= Exercise prompt =
Would you please write out only the lines running from the top of the listing through the one holding "на 17 сантиметров.", exactly, with both ends kept and pictures left out?

= Collected material =
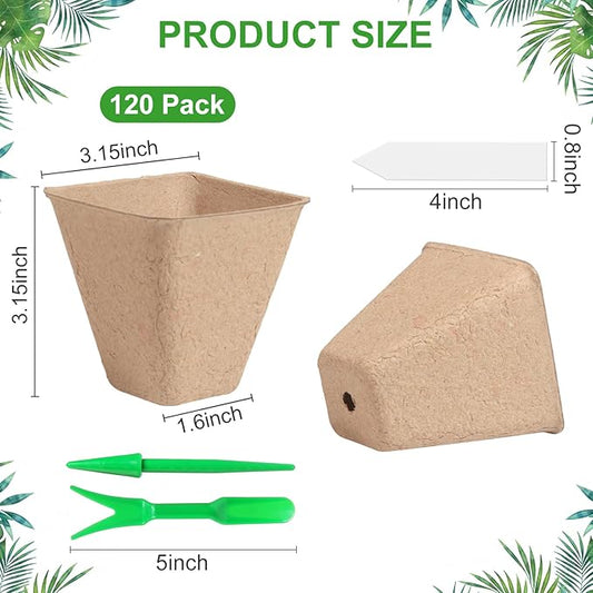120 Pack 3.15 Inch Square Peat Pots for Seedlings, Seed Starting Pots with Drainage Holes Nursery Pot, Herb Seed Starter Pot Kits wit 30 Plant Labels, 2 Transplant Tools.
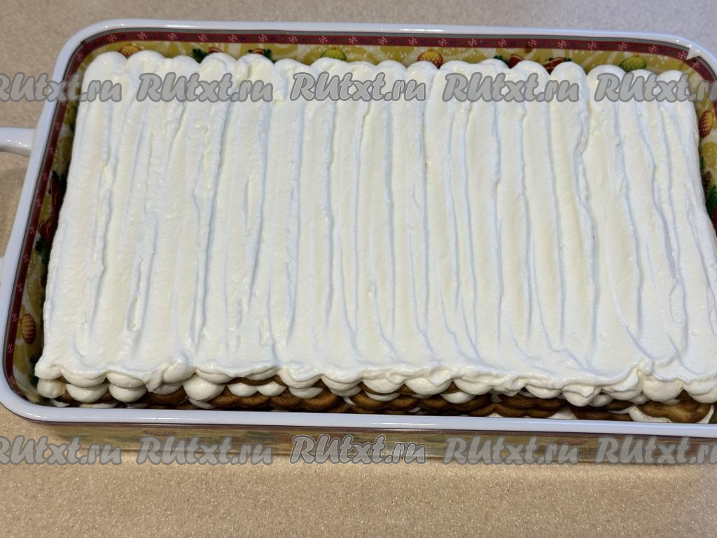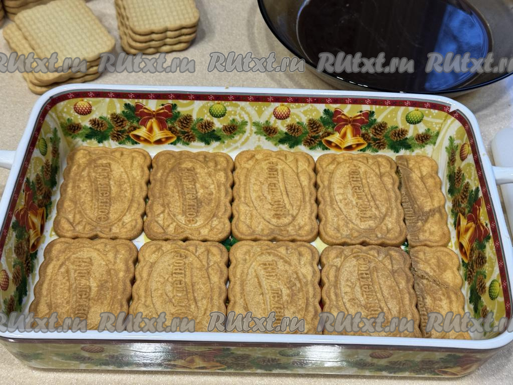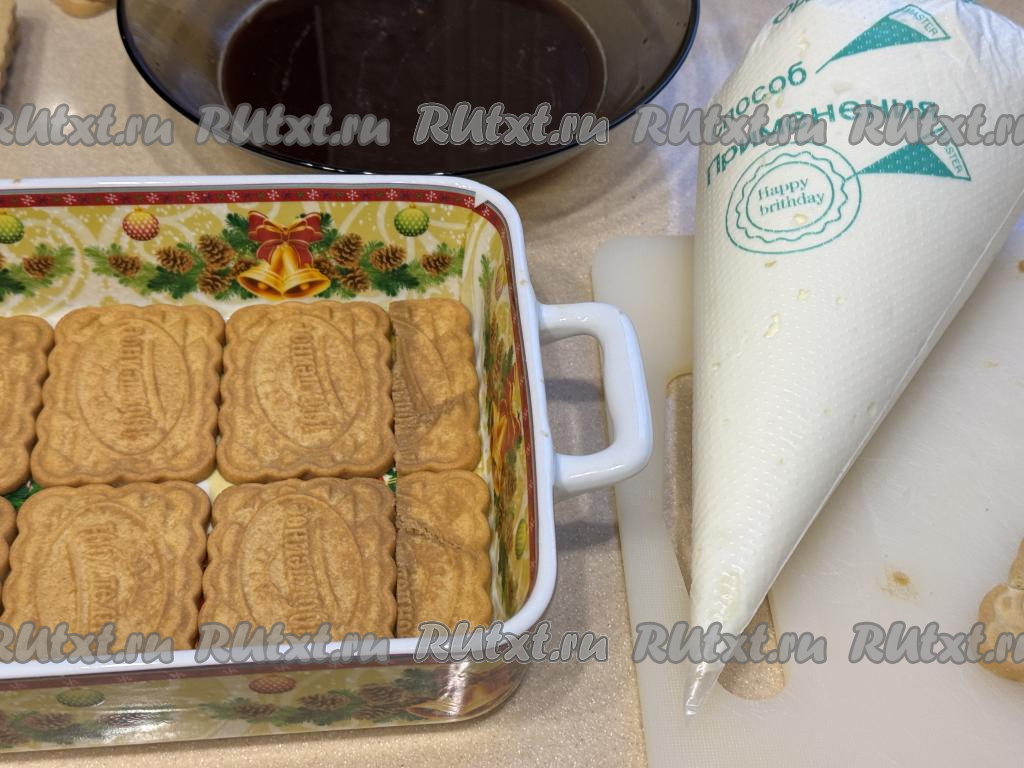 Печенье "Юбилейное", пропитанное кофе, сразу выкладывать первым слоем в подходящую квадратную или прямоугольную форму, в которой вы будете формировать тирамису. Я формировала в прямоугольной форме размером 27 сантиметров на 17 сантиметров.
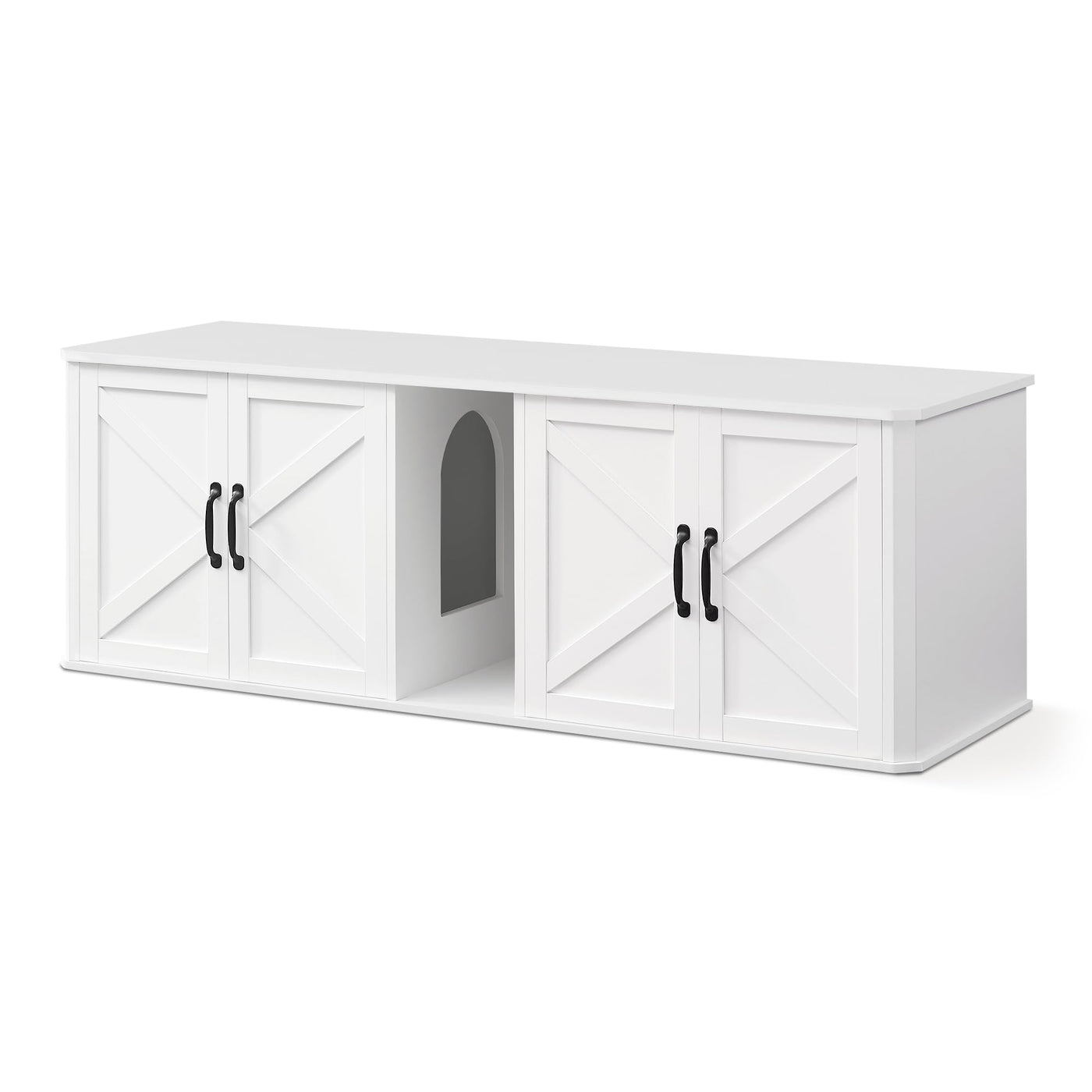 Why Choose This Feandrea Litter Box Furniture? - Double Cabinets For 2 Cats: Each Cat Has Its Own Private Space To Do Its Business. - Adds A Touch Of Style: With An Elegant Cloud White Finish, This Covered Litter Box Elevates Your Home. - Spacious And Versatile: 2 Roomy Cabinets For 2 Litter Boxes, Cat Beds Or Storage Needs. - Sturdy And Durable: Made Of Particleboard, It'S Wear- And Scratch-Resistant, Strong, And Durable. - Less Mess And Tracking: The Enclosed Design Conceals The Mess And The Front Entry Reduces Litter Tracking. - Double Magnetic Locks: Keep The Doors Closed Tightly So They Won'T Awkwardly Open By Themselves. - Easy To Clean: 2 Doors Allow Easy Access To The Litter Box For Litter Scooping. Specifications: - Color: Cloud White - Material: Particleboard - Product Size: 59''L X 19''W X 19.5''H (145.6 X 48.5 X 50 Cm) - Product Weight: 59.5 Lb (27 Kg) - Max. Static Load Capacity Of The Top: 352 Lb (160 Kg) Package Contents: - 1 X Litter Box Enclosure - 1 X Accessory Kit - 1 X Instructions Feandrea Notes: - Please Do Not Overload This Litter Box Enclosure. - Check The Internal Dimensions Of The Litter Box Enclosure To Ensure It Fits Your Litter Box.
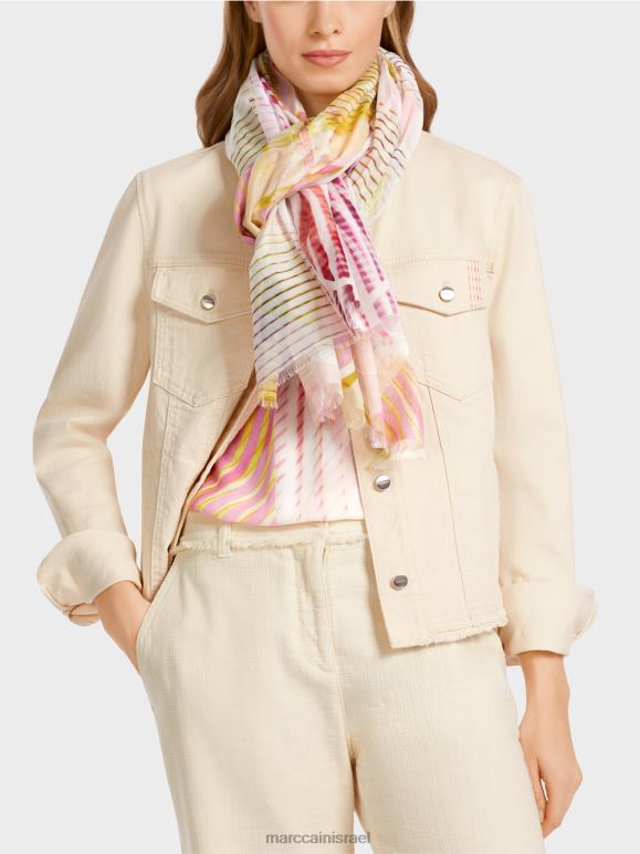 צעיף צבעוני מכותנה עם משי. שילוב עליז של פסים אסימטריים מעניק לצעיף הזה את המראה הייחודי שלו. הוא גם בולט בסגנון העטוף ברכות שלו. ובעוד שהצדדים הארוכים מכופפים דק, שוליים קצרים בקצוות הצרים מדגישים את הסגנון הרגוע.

= Exercise solution =
120 Pack 3.15 Inch Square Peat Pots for Seedlings, Seed Starting Pots with Drainage Holes Nursery Pot, Herb Seed Starter Pot Kits wit 30 Plant Labels, 2 Transplant Tools.
 Печенье "Юбилейное", пропитанное кофе, сразу выкладывать первым слоем в подходящую квадратную или прямоугольную форму, в которой вы будете формировать тирамису. Я формировала в прямоугольной форме размером 27 сантиметров на 17 сантиметров.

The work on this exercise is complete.